[[ Material for the task open ]]

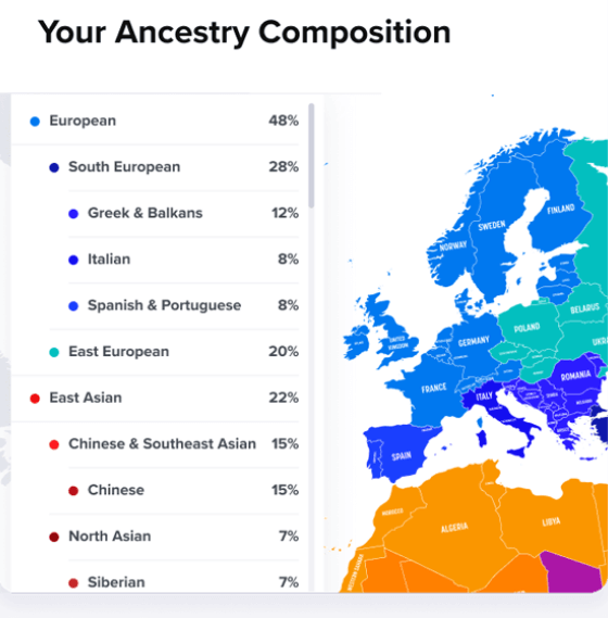 Tout comme SelfDecode, 23andMe propose une analyse de l’ascendance et de la santé. Il analyse plus de 3 000 régions géographiques pour découvrir vos origines et étudie également vos traits et prédispositions de santé.
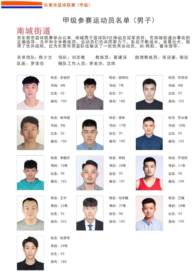 東莞市籃球聯(lián)賽將于4月7日正式開賽,詳細(xì)運動員名單如下:
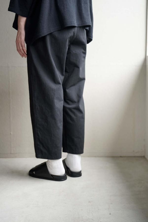 ボリューム感のあるシルエットながら、裾をテーパードさせることですっきりとした印象です。
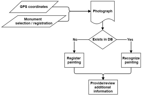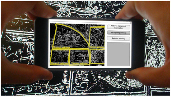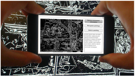Once the monument is recognized, visitor positioning is performed in order to assist users in finding the existing items of interest, e.g., paintings. It is stated that for the support of the available interpretative options in a monument, this particular monument must be already mapped and registered in the system’s database. When the visitor points the device towards an area of a known monument or a specific item of interest, the application captures its image and uses it in order to perform the item recognition so that relevant information can be retrieved.
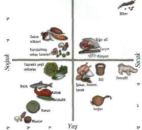 olan tuz. (Cıva ve kükürt, bugün bu adlar-la bildiğimiz elementleri temsil etmiyor; tuzla kastedilense, yine bildiğimiz sofra tuzu değil.) Buna bağlı olarak cıva, kokunun; kükürt, nem ve tatlı tadın (aynı zamanda diğer iki elementi de birbirine bağlıyordu); tuz da genel olarak tat ve kıvamın belirleyicisi ve temsilcisiydi. Hekimlerse sindirimdeki temel etkinliğin pişirmeden çok mayalanma olduğu görüşündeydiler. Asitli mide sıvıları yiyeceği beyaz, sütümsü bir sıvıya dönüştürüyor, bu da sindirim kanalında alkali niteliğindeki safrayla karışıyor, karışım mayalanıp köpürerek, vücudun kan ve diğer sıvılara dönüştürebileceği tuzlu bir madde üretiyordu.
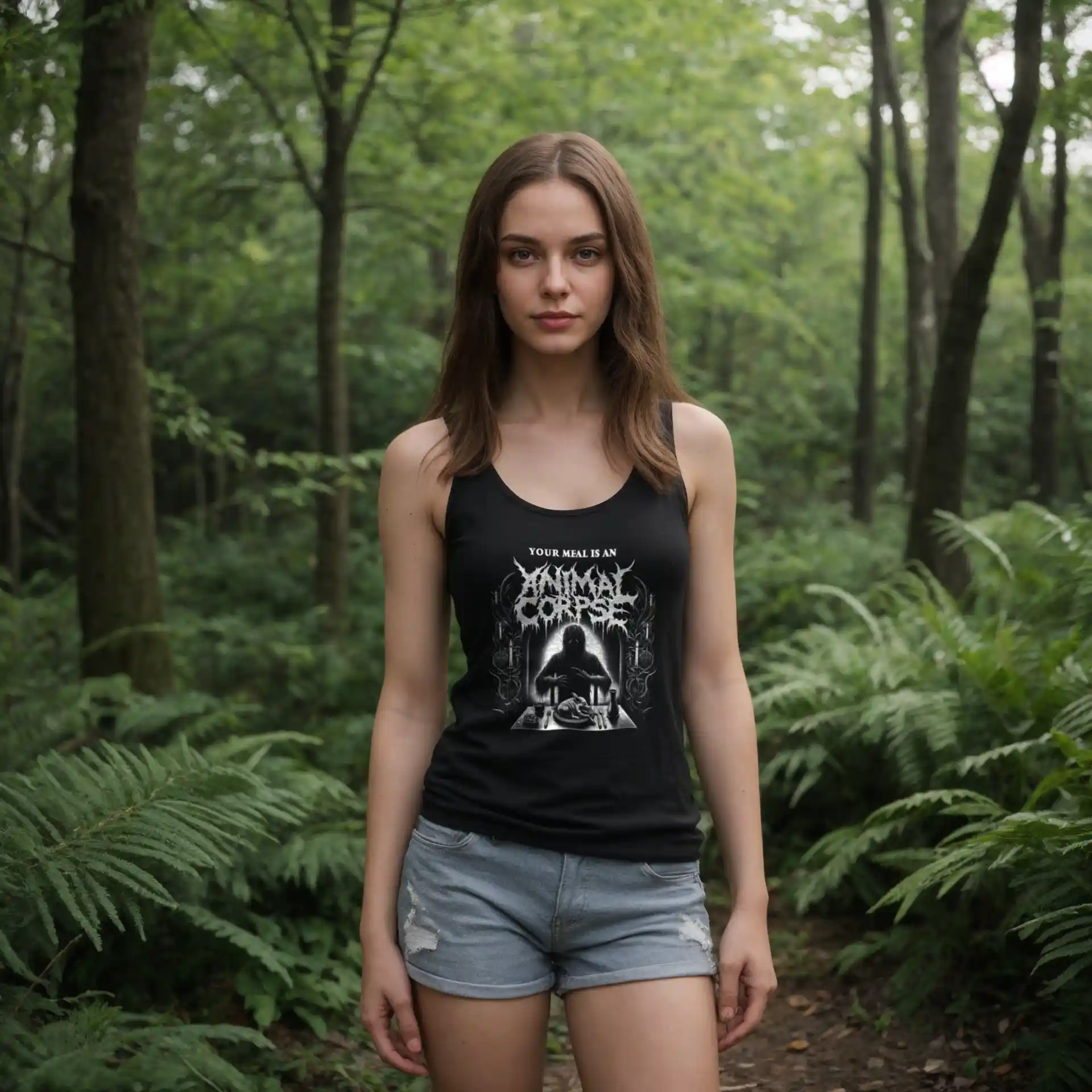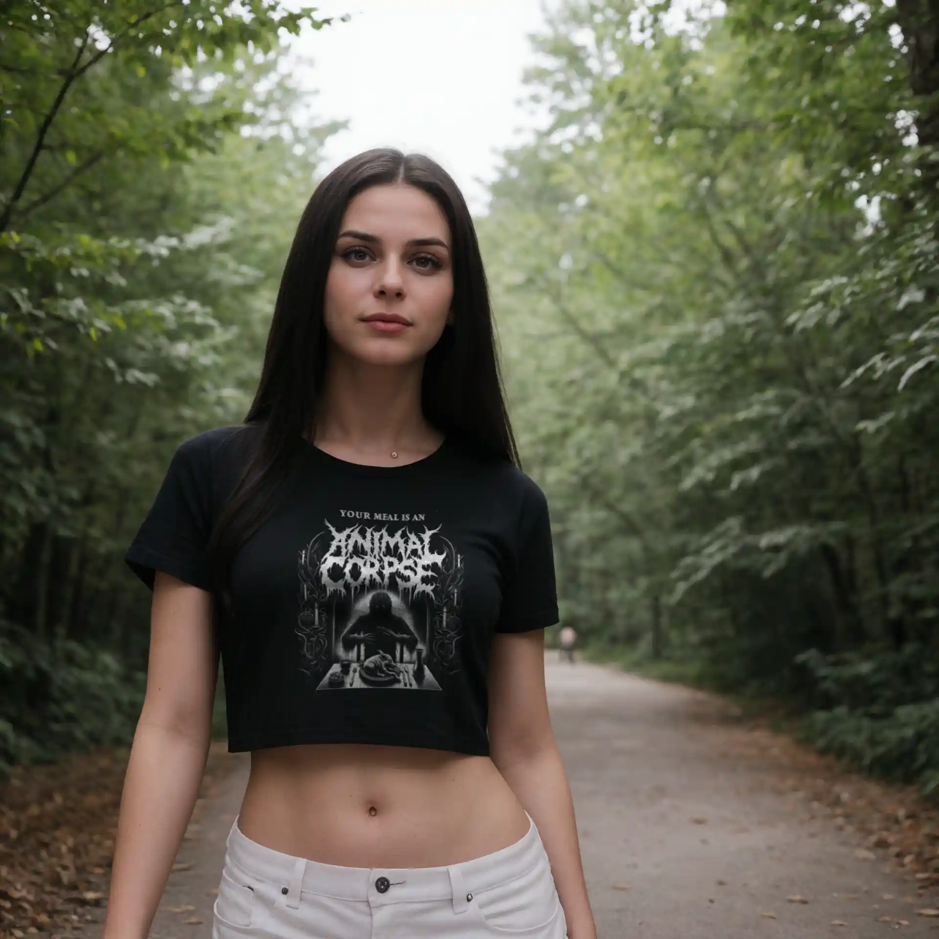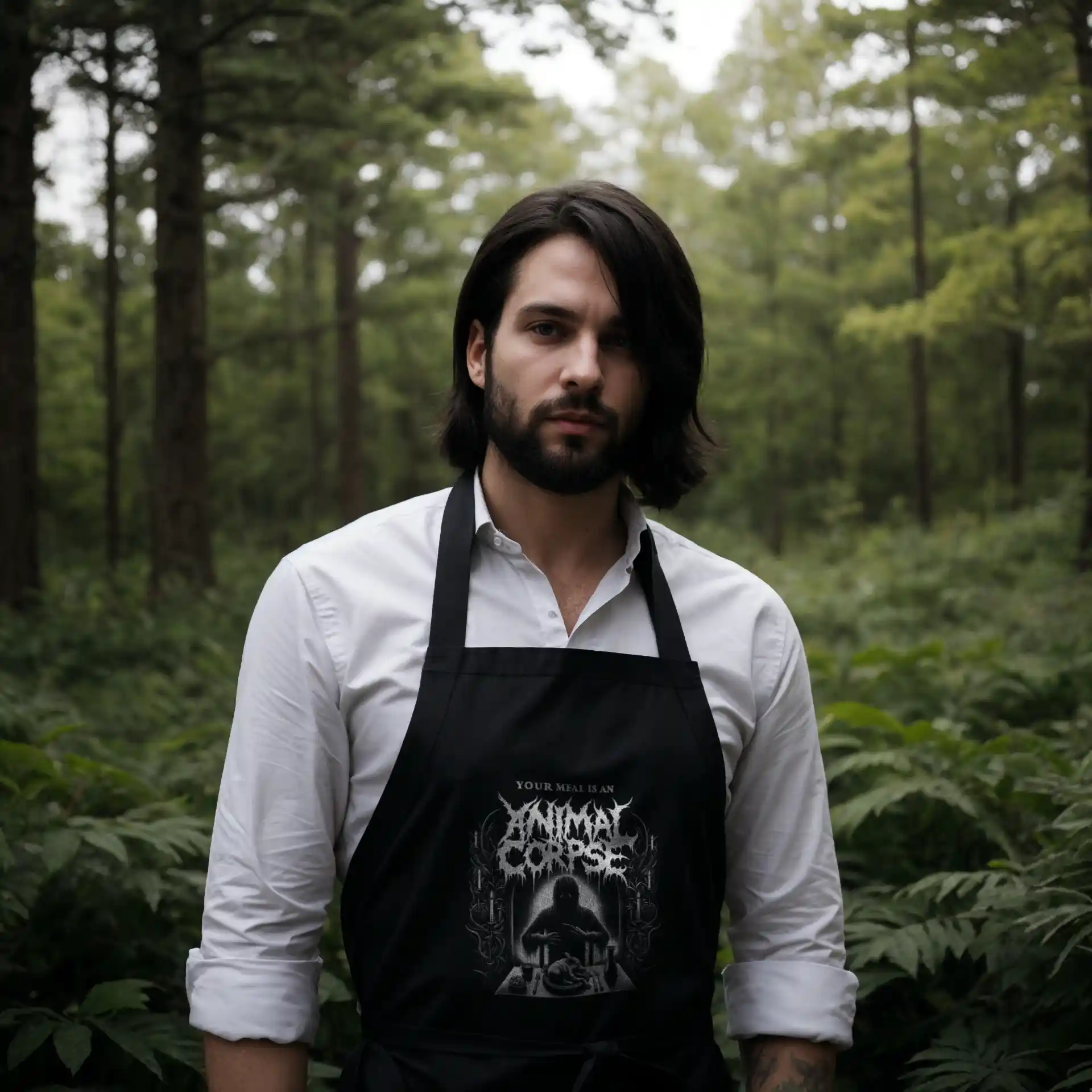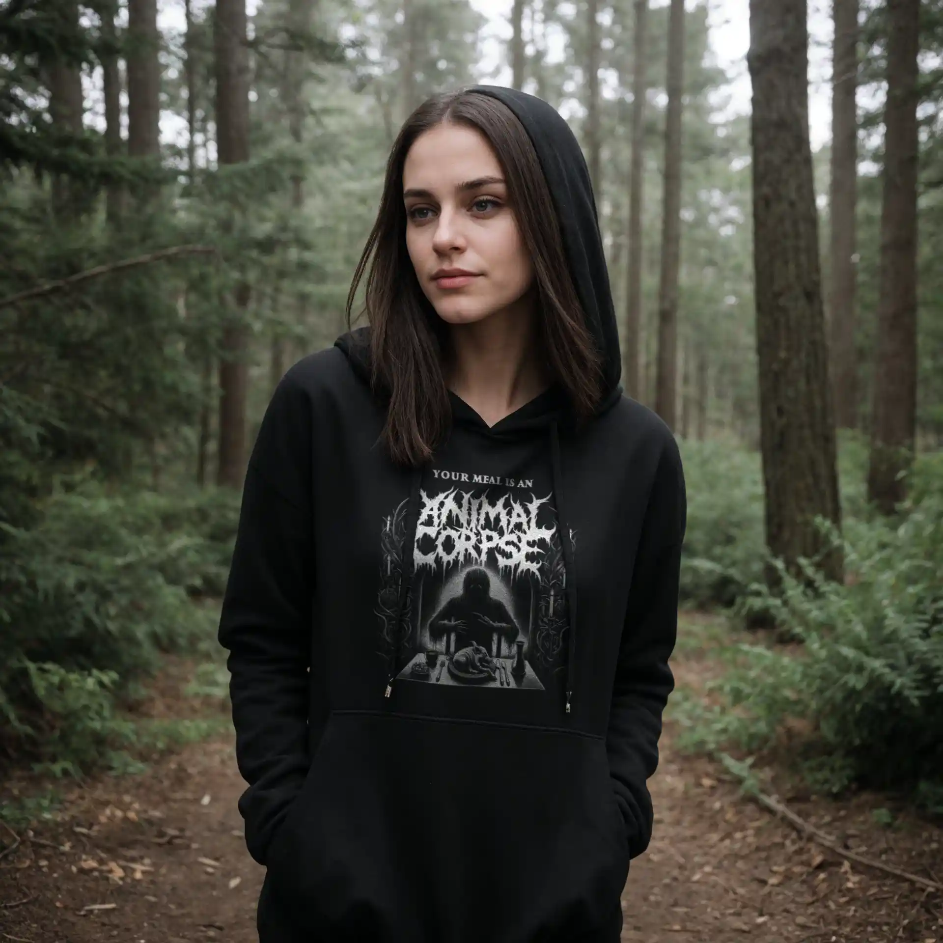 Entdecke unser „Animal Corpse“ Longsleeve T-Shirt, das die düstere Welt des Death Metal mit einem starken Statement gegen Tierkonsum verbindet. Dieses Shirt ist nicht nur ein Kleidungsstück, sondern eine Botschaft, die tief in der Metal- und Vegan-Szene verwurzelt ist. Das provokante Design zeigt eine menschliche Gestalt, die vor einem Teller mit einem Tierkadaver sitzt, umgeben von einem finsteren Ambiente, das zum Nachdenken anregt und gleichzeitig deine Zugehörigkeit zur Metal-Community stolz präsentiert.
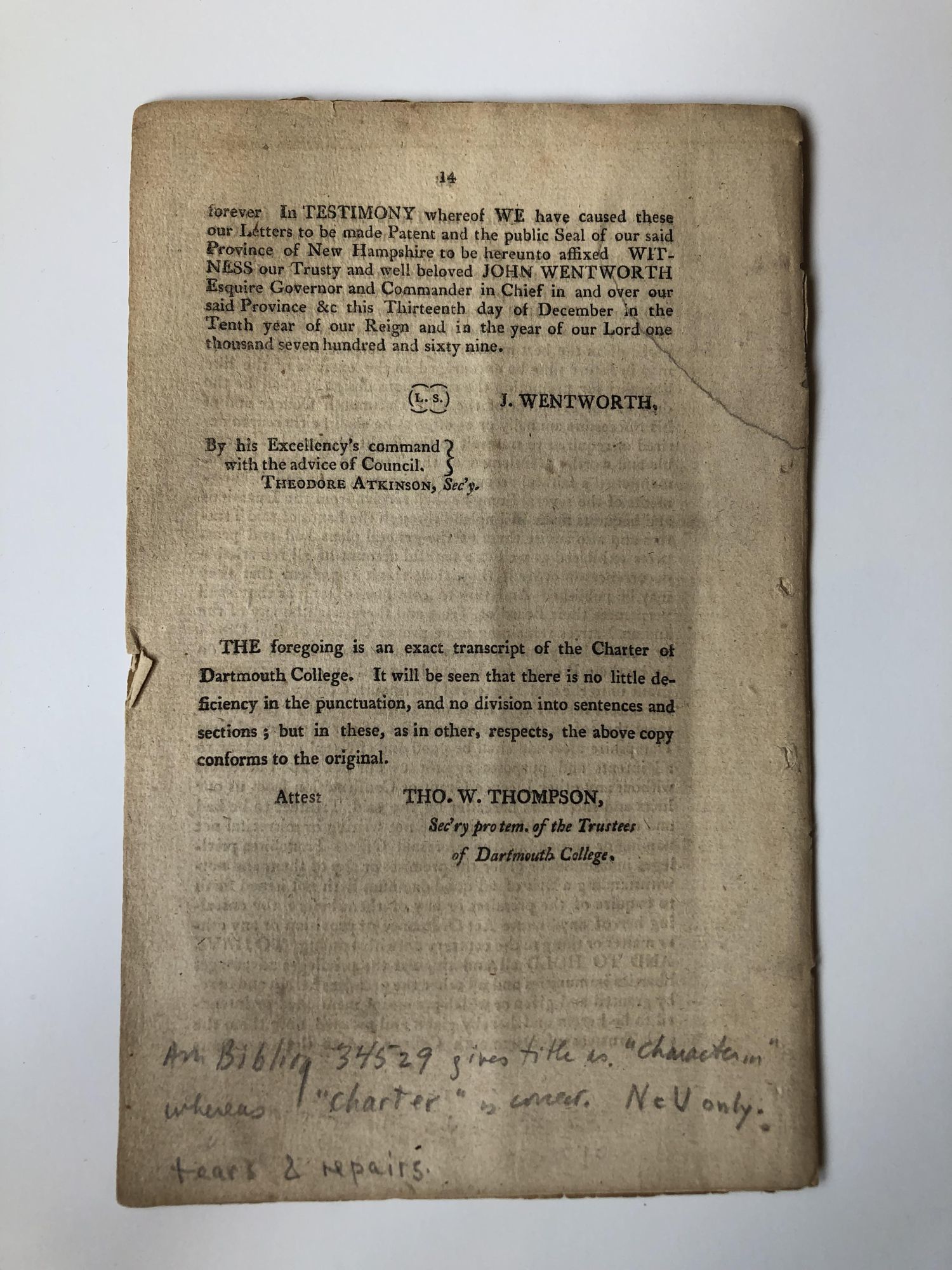 Hanover, NH: Charles Spear, 1815. First Edition. Softcover. Octavo, 14 pages; G; disbound pamphlet; some shelf wear and soiling; protected in a mylar sleeve; modern pencil notes at back page; paper repairs throughout, including extensive Japanese tissue repair to page 5; minimal text loss; RW consignment. 1356683. Special Collections.

[[ Material for the task closed ]]

§ **Work item**: Leaving the pictures out, give back each line above exactly.

§ **Output of the task**:
 Tout comme SelfDecode, 23andMe propose une analyse de l’ascendance et de la santé. Il analyse plus de 3 000 régions géographiques pour découvrir vos origines et étudie également vos traits et prédispositions de santé.
 東莞市籃球聯(lián)賽將于4月7日正式開賽,詳細(xì)運動員名單如下:
 ボリューム感のあるシルエットながら、裾をテーパードさせることですっきりとした印象です。
Once the monument is recognized, visitor positioning is performed in order to assist users in finding the existing items of interest, e.g., paintings. It is stated that for the support of the available interpretative options in a monument, this particular monument must be already mapped and registered in the system’s database. When the visitor points the device towards an area of a known monument or a specific item of interest, the application captures its image and uses it in order to perform the item recognition so that relevant information can be retrieved.
 olan tuz. (Cıva ve kükürt, bugün bu adlar-la bildiğimiz elementleri temsil etmiyor; tuzla kastedilense, yine bildiğimiz sofra tuzu değil.) Buna bağlı olarak cıva, kokunun; kükürt, nem ve tatlı tadın (aynı zamanda diğer iki elementi de birbirine bağlıyordu); tuz da genel olarak tat ve kıvamın belirleyicisi ve temsilcisiydi. Hekimlerse sindirimdeki temel etkinliğin pişirmeden çok mayalanma olduğu görüşündeydiler. Asitli mide sıvıları yiyeceği beyaz, sütümsü bir sıvıya dönüştürüyor, bu da sindirim kanalında alkali niteliğindeki safrayla karışıyor, karışım mayalanıp köpürerek, vücudun kan ve diğer sıvılara dönüştürebileceği tuzlu bir madde üretiyordu.
 Entdecke unser „Animal Corpse“ Longsleeve T-Shirt, das die düstere Welt des Death Metal mit einem starken Statement gegen Tierkonsum verbindet. Dieses Shirt ist nicht nur ein Kleidungsstück, sondern eine Botschaft, die tief in der Metal- und Vegan-Szene verwurzelt ist. Das provokante Design zeigt eine menschliche Gestalt, die vor einem Teller mit einem Tierkadaver sitzt, umgeben von einem finsteren Ambiente, das zum Nachdenken anregt und gleichzeitig deine Zugehörigkeit zur Metal-Community stolz präsentiert.
 Hanover, NH: Charles Spear, 1815. First Edition. Softcover. Octavo, 14 pages; G; disbound pamphlet; some shelf wear and soiling; protected in a mylar sleeve; modern pencil notes at back page; paper repairs throughout, including extensive Japanese tissue repair to page 5; minimal text loss; RW consignment. 1356683. Special Collections.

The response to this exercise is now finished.